I live in what’s called, by real estate agents, an aspiring neighborhood. It’s a racially, linguistically, economically mixed neighborhood. In the Guatemalan or Salvadorian or Peruvian bakeries, restaurants, and stores on my neighborhood’s main street, most folks smile indulgently when I sputter out the few words of Spanish I know to try to convey that as a white woman I recognize I am the interloper here. I like it when they laugh in my face at my efforts. Usually it’s good-natured, but even if it isn’t, theirs is exactly the right attitude. I hope they’re thinking, and saying among themselves, “Learn the damn language if you’re going to live here.”
I drove down my main drag recently, which is less than a mile from the public college where I teach, and the college itself is now a covid testing site. Every person, big and small, tiny and tall, every person, to a person, was wearing a face mask. Of course, over 40% of the covid positive tests in RI are from the Latinx community. Another significant percentage is from the African-American community.
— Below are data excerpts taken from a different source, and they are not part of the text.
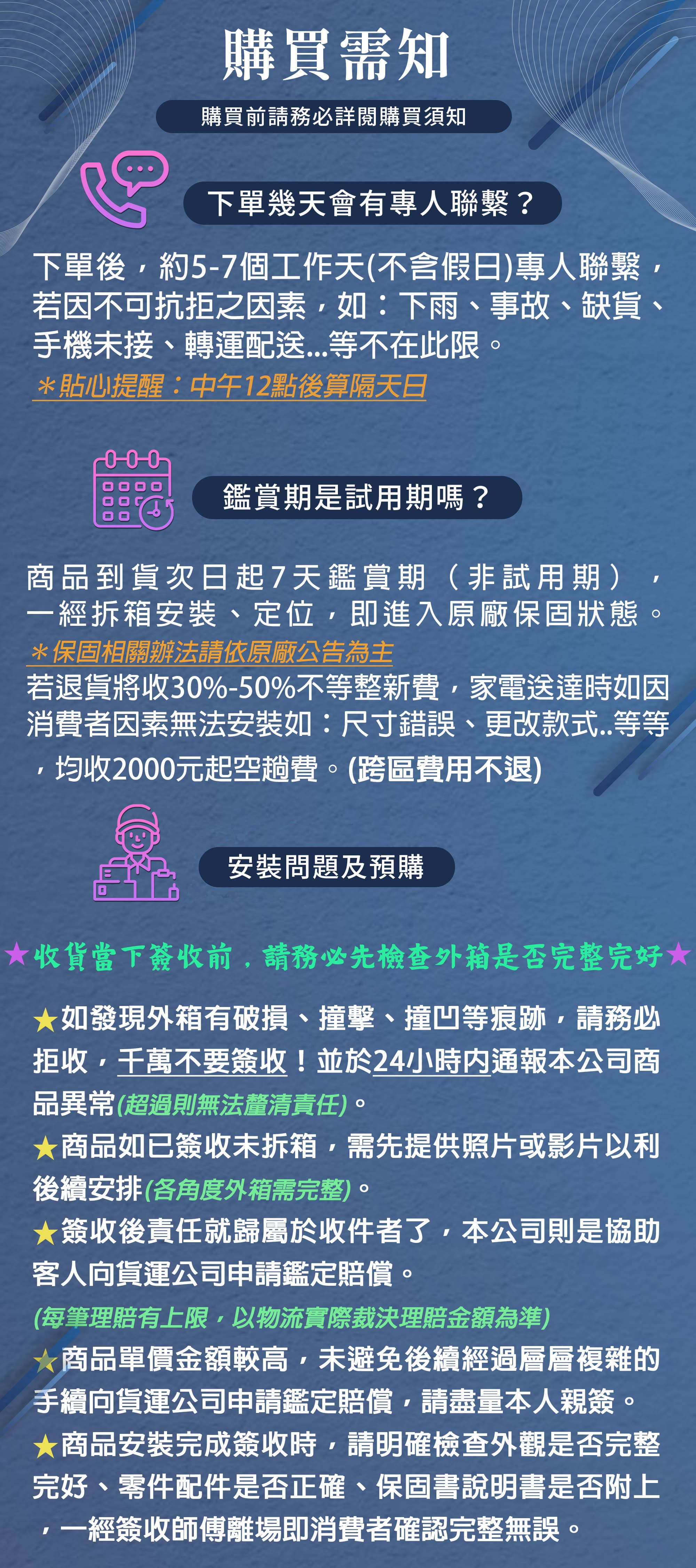《若您同意以上約定事項再行下單。》
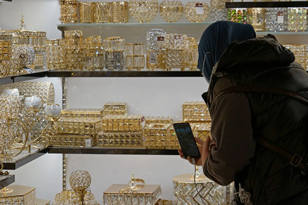 義烏國際商貿城一家水晶商鋪內,業(yè)務員小丁正在貨架前進行遠程視頻連線,手機的另一頭連著巴勒斯坦。受疫情影響,海外客商來華不便,遠程直播成為其采購之“眼睛”?!翱蛻魮倪@個燈臺尺寸比較大,運費會不會比較貴?”業(yè)務員小丁問?!皼]問題,主體和燈座可以拆卸,包裝不占空間?!鄙啼佖撠熑藙s斌立即回復。
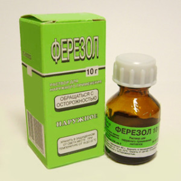 - Ферезол. Використовується в якості антибактеріального і прижигающего кошти. Ферезол достатньо ефективний, проте, при нанесенні на шкіру може викликати неприємні відчуття печіння.
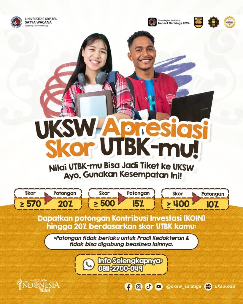 UKSW membuka pintu lebar-lebar bagi calon mahasiswa yang memiliki skor Ujian Tulis Berbasis Komputer (UTBK) melalui program apresiasi skor UTBK. Tak hanya sekadar pengakuan, skor UTBK-mu bisa menjadi tiket masuk ke Kampus Indonesia Mini ini dengan potongan kontribusi (KOIN) hingga 20%.
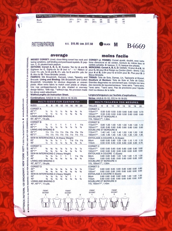 Amazon Com Butterick Patterns B4669 Misses Corset Size Ee 14 16 18 20 Arts Crafts Sewing

I had to be on the upper-crust East side this week too, around Brown University and Rhode Island School of Design, where stately homes, fashionable restaurants, and the beautiful “Boulevard” reside for the joy of predominantly white folks. I found myself raging that, to my eye, 95% of people on the very-peopled East-side streets couldn’t be bothered to wear face masks.
“What, do they think, their spit don’t stink?” I raged. “What, are these too-cool-for-public-school richie-riches waiting for their goddamned, diamond-studded masks to be delivered to their doors by one of the front-liners working for Prime?”
“Put on an effing face mask!!” I shouted through my car window.
Neighborhoods matter. Neighbors matter.